Task item: Starting from the line containing "40年以上も愛され続ける、身", give again every line through the end of the entries, word for word. Pictures stay out of the copy.

Material for this exercise:
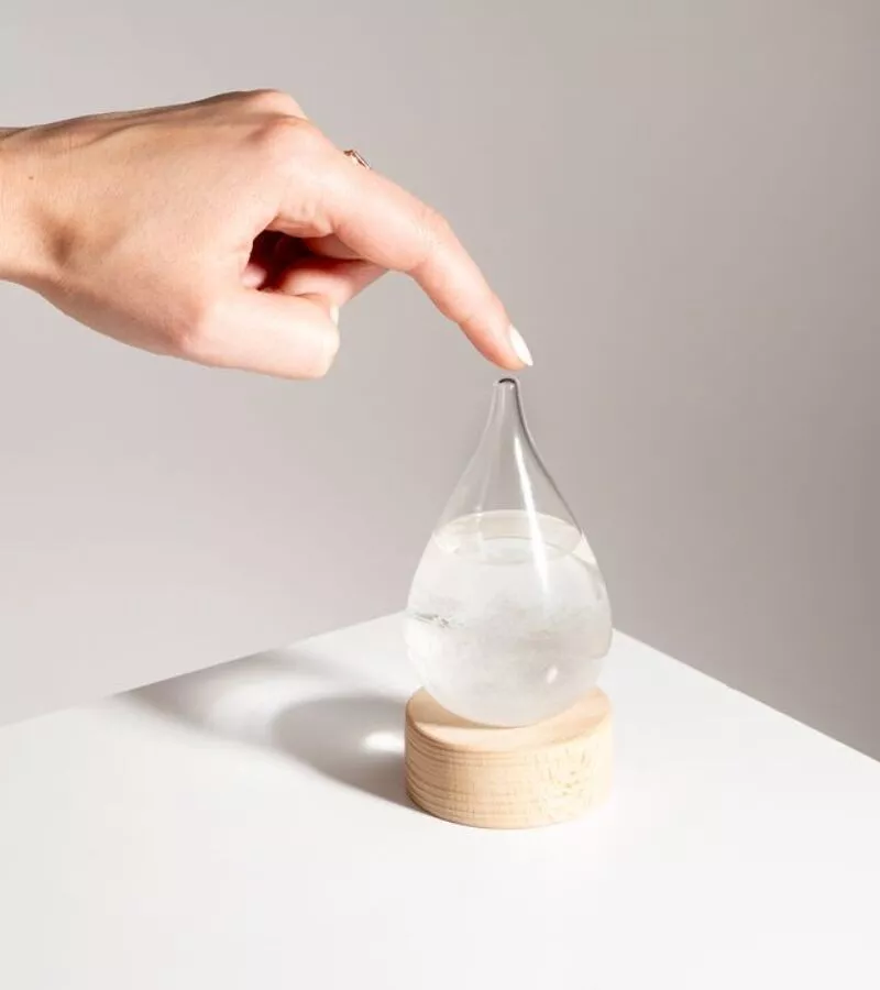Le baromètre à cristaux est un outil fascinant utilisé depuis les années 1750 par les voyageurs en bateau et même par Charles Darwin ! Il prédira mystérieusement le temps : des cristaux visibles signifient un temps humide et brumeux, un verre nuageux avec de petits cristaux vous dira qu’un orage est en route et un verre clair signifiera un temps clair.
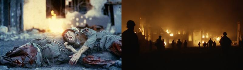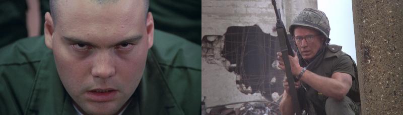 Province comme une autre du vaste paysage mental kubrickien, le Vietnam agit ici comme catalyseur d’une psychose secrétée par l’armée elle-même. Le cancer que diagnostique le chirurgien-réalisateur prend naissance au cœur du système et de la hiérarchie militaires : il y retrouve cette violence institutionnalisée qu’il avait disséquée dans Les Sentiers de la Gloire, dénoncée dans Spartacus et ridiculisée dans Docteur Folamour. Des troufions sans passé ni avenir y constituent une chair à canon parfaitement malléable. Tel un seigneur de la guerre qui avancerait au feu en coupant derrière lui tous les ponts de la retraite, le cinéaste fait le pari de sabrer consciencieusement toute possibilité d’identification. Un instant on croit pouvoir s’accrocher au destin de Joker (qui prête à plusieurs reprises sa voix off au récit, et à qui un peu de substance biographique est concédée) mais ce n’est que pour mieux le replonger au plus profond d’une grisaille de figures interchangeables. Le sergent instructeur ne gagne sa consistance sonore (une ahurissante diarrhée d’insultes) qu’au prix d’un silence définitif, étant dégommé à mi-parcours. Même l’éternelle sortie de secours de la psychologie est verrouillée : tous les personnages ont des émotions mais aucun caractère, répliquant simplement à l’infini quelques standards du comportement humain (racisme, héroïsme, couardisme, connerie, intelligence, misogynie...). Quant au dernier recours des justifications politiques, historiques ou idéologiques, le cinéaste les anesthésie les unes après les autres : à peine quelques citations aide-mémoire, exhibées à la manière d’un document d’archive, prenant intelligemment en compte que le Vietnam fut la première guerre à être mise en images, immédiatement, en direct, à la télévision américaine, presque comme une campagne publicitaire. Le film ignore à dessein les grandeurs et servitudes de soldats embourbés dans un combat douteux, tout comme les motifs iconographiques de rigueur : ni jungle, ni napalm, ni drogue, mais une bataille indéterminée dont la logistique rappelle la Corée ou même la Seconde Guerre mondiale.
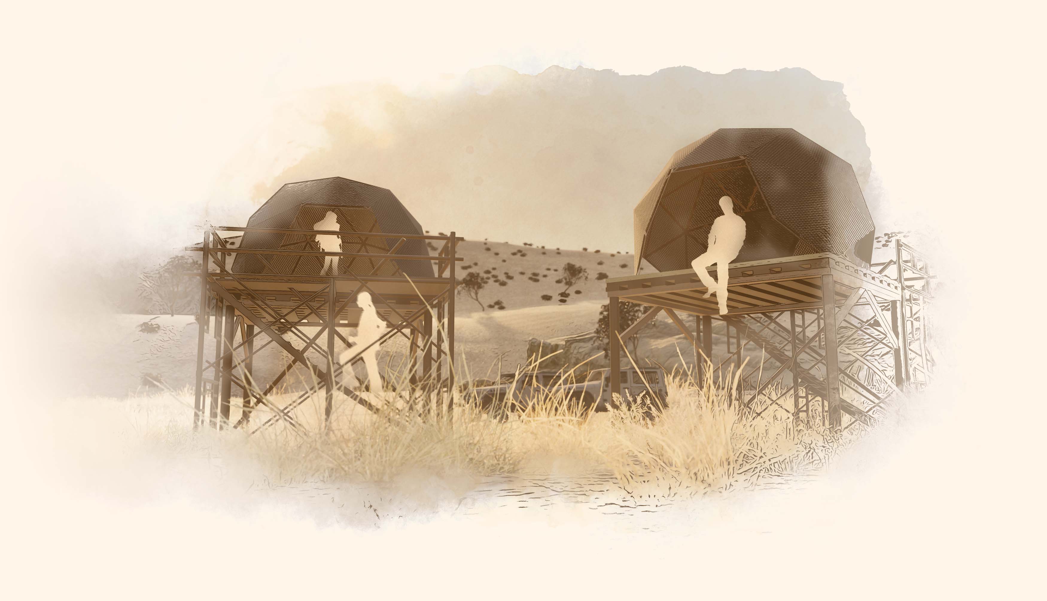 Veins of the Garub reimagines a Namibian game farm as an ecotourism experience centred on co-existence with desert ecologies. Pathways and shelter points encourage quiet observation and spatial awareness, transforming a once-extractive landscape into a site of reflection and care. Through acts of sheltering and observation, the project reframes tourism as adaptation rather than dominance, inviting visitors to engage respectfully with climate, memory, and the resilience of place.
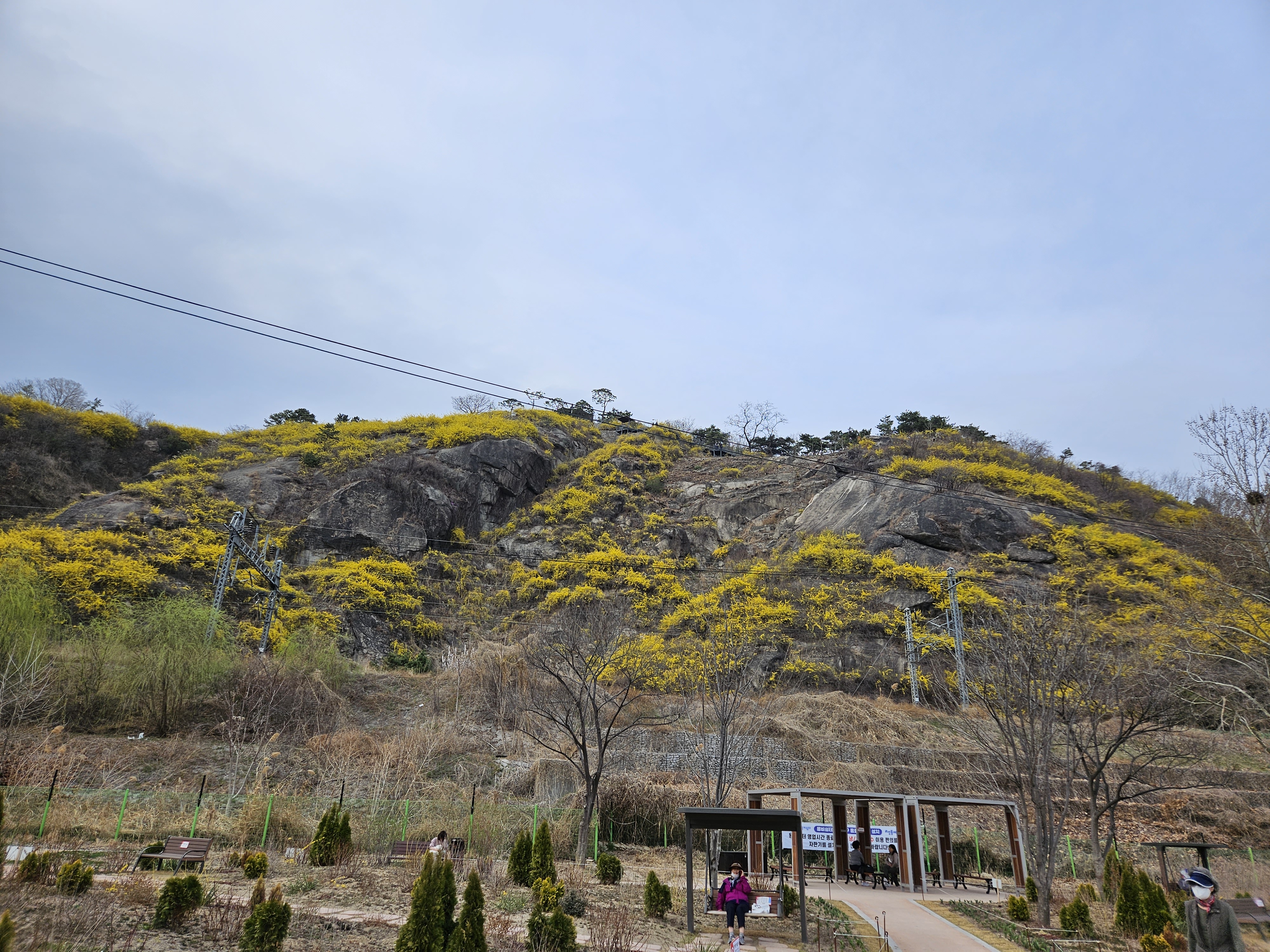 매년 3월이면 산 전체가 개나로꽃으로 덮어 노랗게 변하는 개나리 명소랍니다.
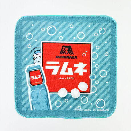 40年以上も愛され続ける、身近なおやつの大定番の「森永ラムネ」身近なハンドタオルに!ひょっこりとラムねこ&しゅうチューがのぞいていてかわいいです。
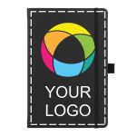 Elevate your professional ensemble with a sleek, practical journal, great for today's business landscape. With its built-in ribbon page marker, secure elastic closure and convenient pen loop and document pocket, it caters to all your organisational needs. It’s easy to customise — add your logo, message or info using our intuitive studio. Need a hand? Our design experts are here to help bring your ideas to life.
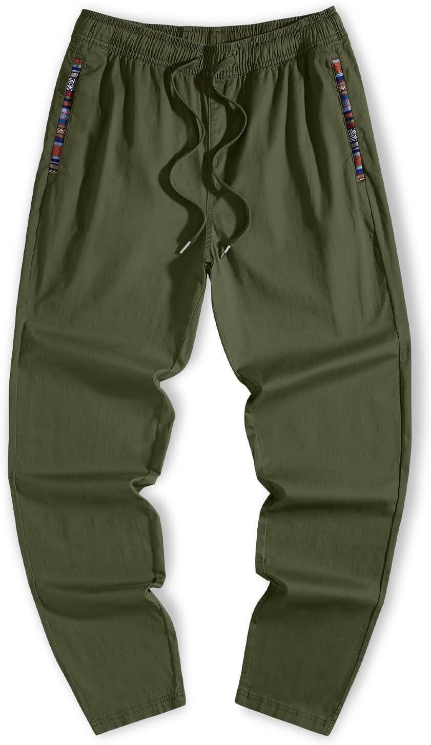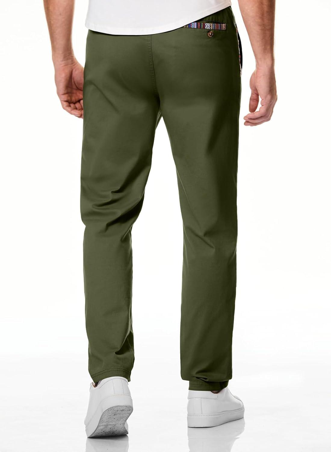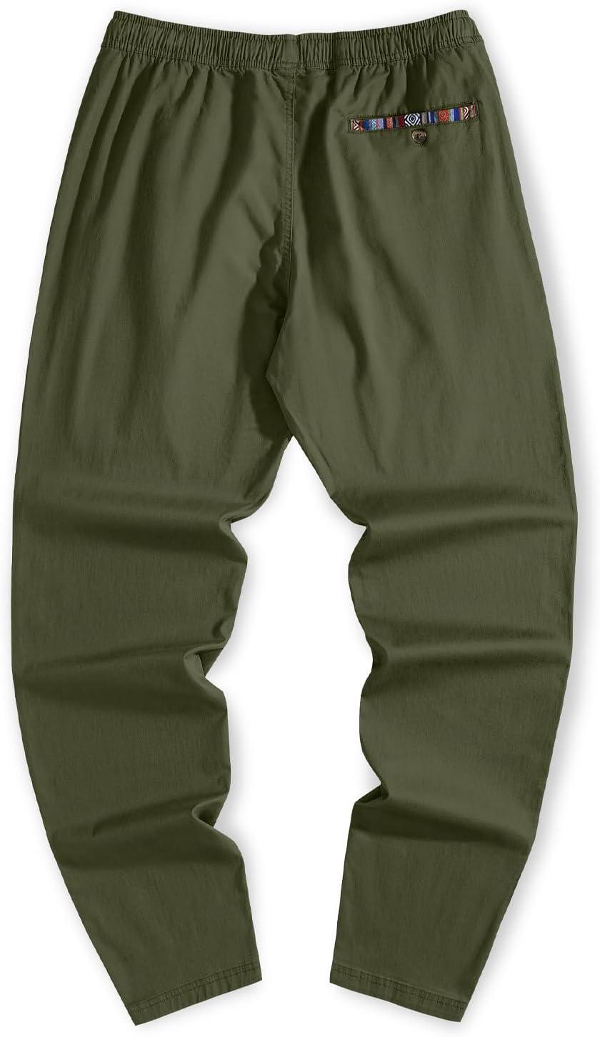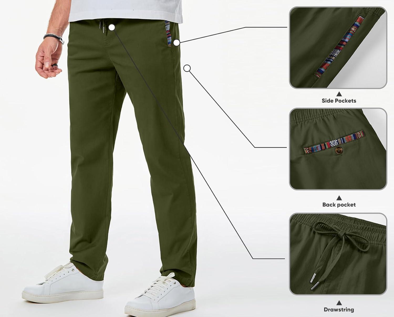 JMIERR Men’s Casual Pants Cotton Twill Drawstring Elastic Waist Chino Pants with Pockets(Jungle Green)

Result of the exercise:
 40年以上も愛され続ける、身近なおやつの大定番の「森永ラムネ」身近なハンドタオルに!ひょっこりとラムねこ&しゅうチューがのぞいていてかわいいです。
 Elevate your professional ensemble with a sleek, practical journal, great for today's business landscape. With its built-in ribbon page marker, secure elastic closure and convenient pen loop and document pocket, it caters to all your organisational needs. It’s easy to customise — add your logo, message or info using our intuitive studio. Need a hand? Our design experts are here to help bring your ideas to life.
 JMIERR Men’s Casual Pants Cotton Twill Drawstring Elastic Waist Chino Pants with Pockets(Jungle Green)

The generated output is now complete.